### Saved data entries:
————————

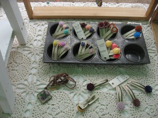 フラワーカボションやレトロボタンのヘアピン。
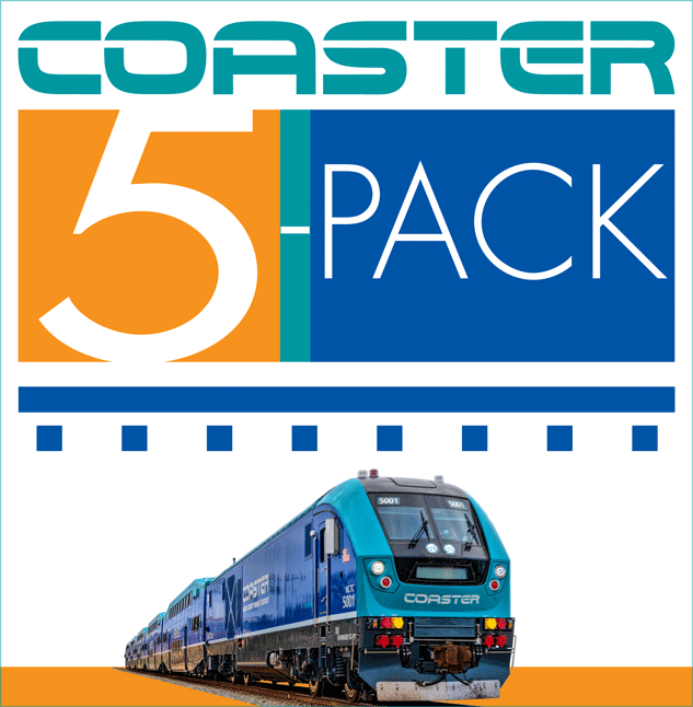 The COASTER 5-Pack offers a 40 percent discount over the COASTER Regional Day Pass. This flexible fare product can be used on any five individual days within 30 days of the initial purchase. Transfers to SPRINTER, BREEZE, FLEX, MTS Bus, Trolley, MTS Rapid and MTS Rapid Express are included. After 30 days, the pass, along with unused days, expires.
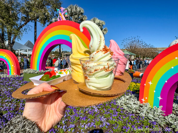Returning items include the adorable Imagination Cone made with pink vanilla soft-serve in a lavender cone, “sparks” of imagination, and white chocolate Figment wings; and the Candy Trio Flight made with DOLE Whip Strawberry with STARBURST MINIS fruit chews, DOLE Whip Lemon with SKITTLES POP’d Original Freeze Dried Candy, DOLE Whip Lime with chili-lime seasoning and LIFE SAVERS gummies.
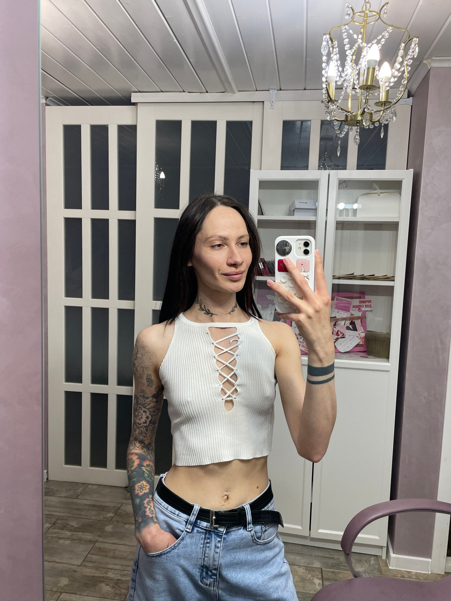 A woman is taking a selfie in a room. She has dark hair and tattoos on her arm and neck. She is wearing a white crop top and light blue jeans with a black belt. She is holding a white smartphone withβ¦read more
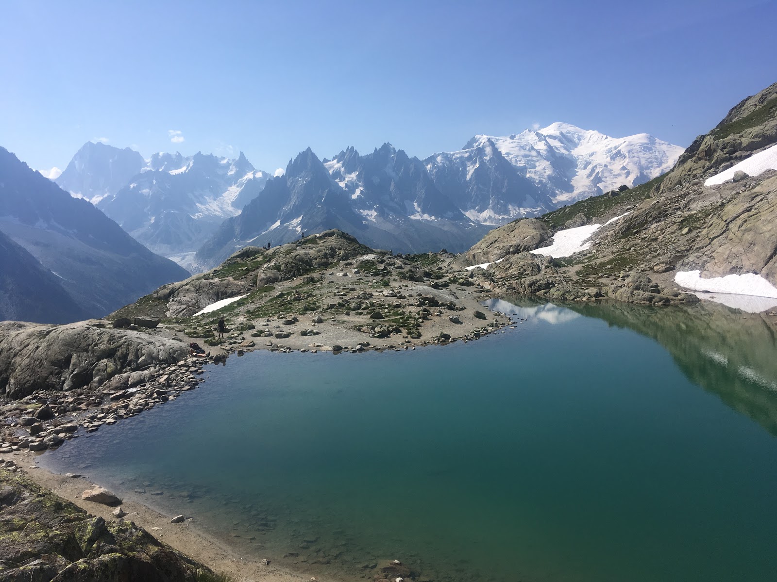 We soon reached the famous Lac Blanc, where this famous view is always photographed from. It was a beautiful view, but unlike first thing, we had to share it with other trekkers.
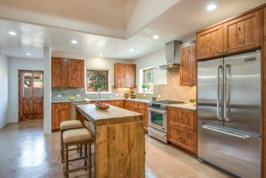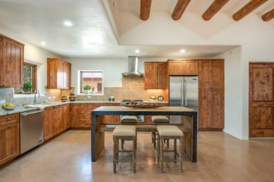 Each of the Alma del Cañon homes honors the human scale of Canyon Road and in keeping with the vernacular of Santa Fe, each is unique. Making discriminating use of the details that contribute to the architectural diversity evident in any walk along Canyon Road, a Northern New Mexico pitched roof neighbors a pueblo style with a shed roof portal within Alma del Cañon. All have private outdoor living spaces and all offer off street parking for residents and their guests. All have two bedrooms, two baths, Kiva fireplaces, stained concrete floors, diamond plaster throughout, and wood and stone countertops.
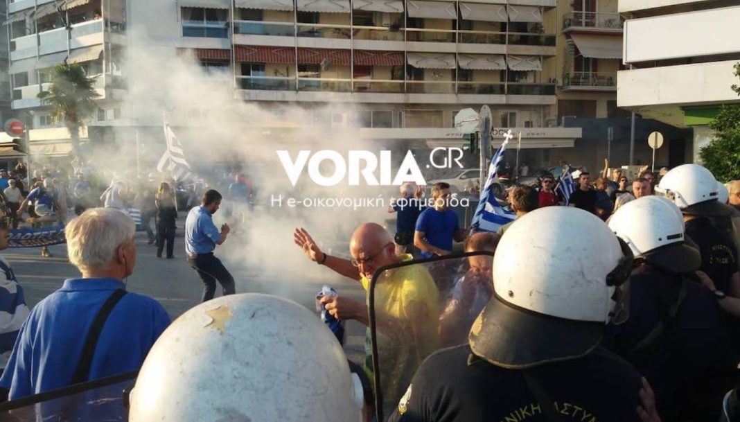 Eπεισόδια σημειώθηκαν αργά το απόγευμα, στην πορεία για τη Μακεδονία, στη Θεσσαλονίκη, όταν διαδηλωτές επιχείρησαν να προσπεράσουν καινούργιο μπλόκο που έστησε η αστυνομία στη συμβολή των οδών Στρατηγού Καλλάρη και Λεωφόρου Νίκης.

————————

### TASK REQUIREMENTS:
Every entry must be retyped exactly, with the pictures removed.

### EXERCISE RESULT:
 フラワーカボションやレトロボタンのヘアピン。
 The COASTER 5-Pack offers a 40 percent discount over the COASTER Regional Day Pass. This flexible fare product can be used on any five individual days within 30 days of the initial purchase. Transfers to SPRINTER, BREEZE, FLEX, MTS Bus, Trolley, MTS Rapid and MTS Rapid Express are included. After 30 days, the pass, along with unused days, expires.
Returning items include the adorable Imagination Cone made with pink vanilla soft-serve in a lavender cone, “sparks” of imagination, and white chocolate Figment wings; and the Candy Trio Flight made with DOLE Whip Strawberry with STARBURST MINIS fruit chews, DOLE Whip Lemon with SKITTLES POP’d Original Freeze Dried Candy, DOLE Whip Lime with chili-lime seasoning and LIFE SAVERS gummies.
 A woman is taking a selfie in a room. She has dark hair and tattoos on her arm and neck. She is wearing a white crop top and light blue jeans with a black belt. She is holding a white smartphone withβ¦read more
 We soon reached the famous Lac Blanc, where this famous view is always photographed from. It was a beautiful view, but unlike first thing, we had to share it with other trekkers.
 Each of the Alma del Cañon homes honors the human scale of Canyon Road and in keeping with the vernacular of Santa Fe, each is unique. Making discriminating use of the details that contribute to the architectural diversity evident in any walk along Canyon Road, a Northern New Mexico pitched roof neighbors a pueblo style with a shed roof portal within Alma del Cañon. All have private outdoor living spaces and all offer off street parking for residents and their guests. All have two bedrooms, two baths, Kiva fireplaces, stained concrete floors, diamond plaster throughout, and wood and stone countertops.
 Eπεισόδια σημειώθηκαν αργά το απόγευμα, στην πορεία για τη Μακεδονία, στη Θεσσαλονίκη, όταν διαδηλωτές επιχείρησαν να προσπεράσουν καινούργιο μπλόκο που έστησε η αστυνομία στη συμβολή των οδών Στρατηγού Καλλάρη και Λεωφόρου Νίκης.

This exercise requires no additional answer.